[Records contained in a dataset]
__________________________________________________
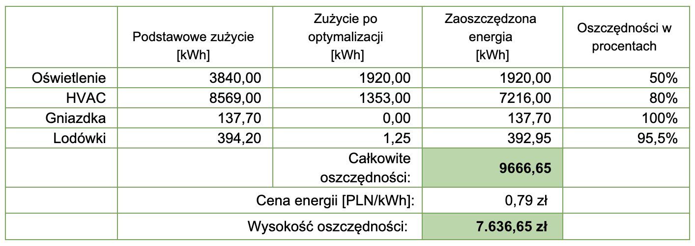 Tabela 1 pokazuje rzeczywiste korzyści finansowe, jakie jesteśmy w stanie osiągnąć dzięki optymalizacji w ciągu roku.
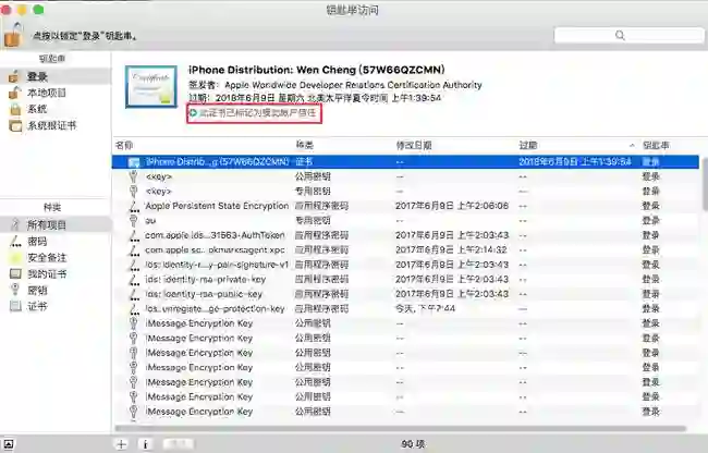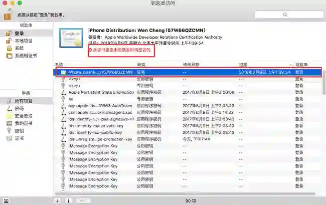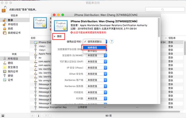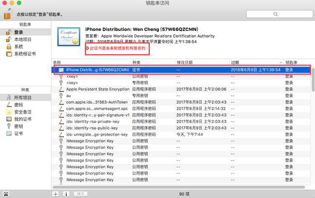 1.2导入后提示此证书是由未知颁发机构签名的,因为不是用本机的钥匙串文件申请的iOS证书
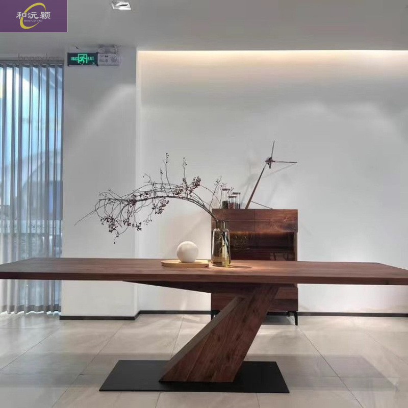 极简设计书桌办公桌工作台中古侘寂风现代实木长桌简约长方形桌子
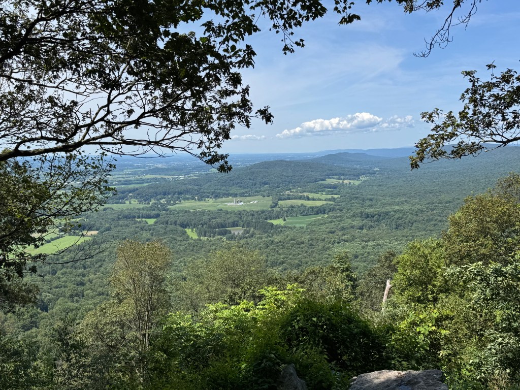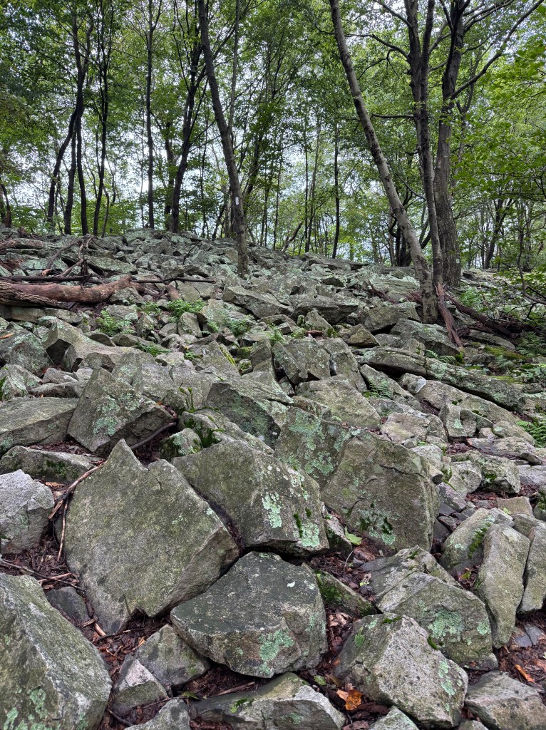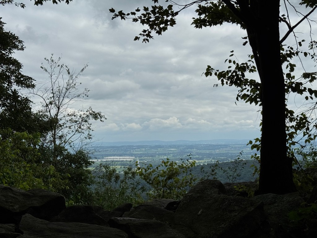 As I make my way, there are two overlooks noted on my trail app. Both of them offer views of the PA valleys but I keep my distance from the edge of the rocks, knowing that copperheads have been nesting there recently. (I read it in the app.)
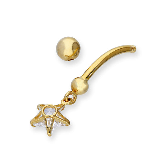 Normaler Preis9 Karat Gold & Hängend Klar CZ Kristall Stern Kugelende Bauchnabelstange
__________________________________________________
• _The task_: Only the lines from the one containing "1.2导入后提示此证书是由未" through the last line of the data above, both included, belong in the reply, each restated exactly and without pictures.

• _Exercise solution_:
 1.2导入后提示此证书是由未知颁发机构签名的,因为不是用本机的钥匙串文件申请的iOS证书
 极简设计书桌办公桌工作台中古侘寂风现代实木长桌简约长方形桌子
 As I make my way, there are two overlooks noted on my trail app. Both of them offer views of the PA valleys but I keep my distance from the edge of the rocks, knowing that copperheads have been nesting there recently. (I read it in the app.)
 Normaler Preis9 Karat Gold & Hängend Klar CZ Kristall Stern Kugelende Bauchnabelstange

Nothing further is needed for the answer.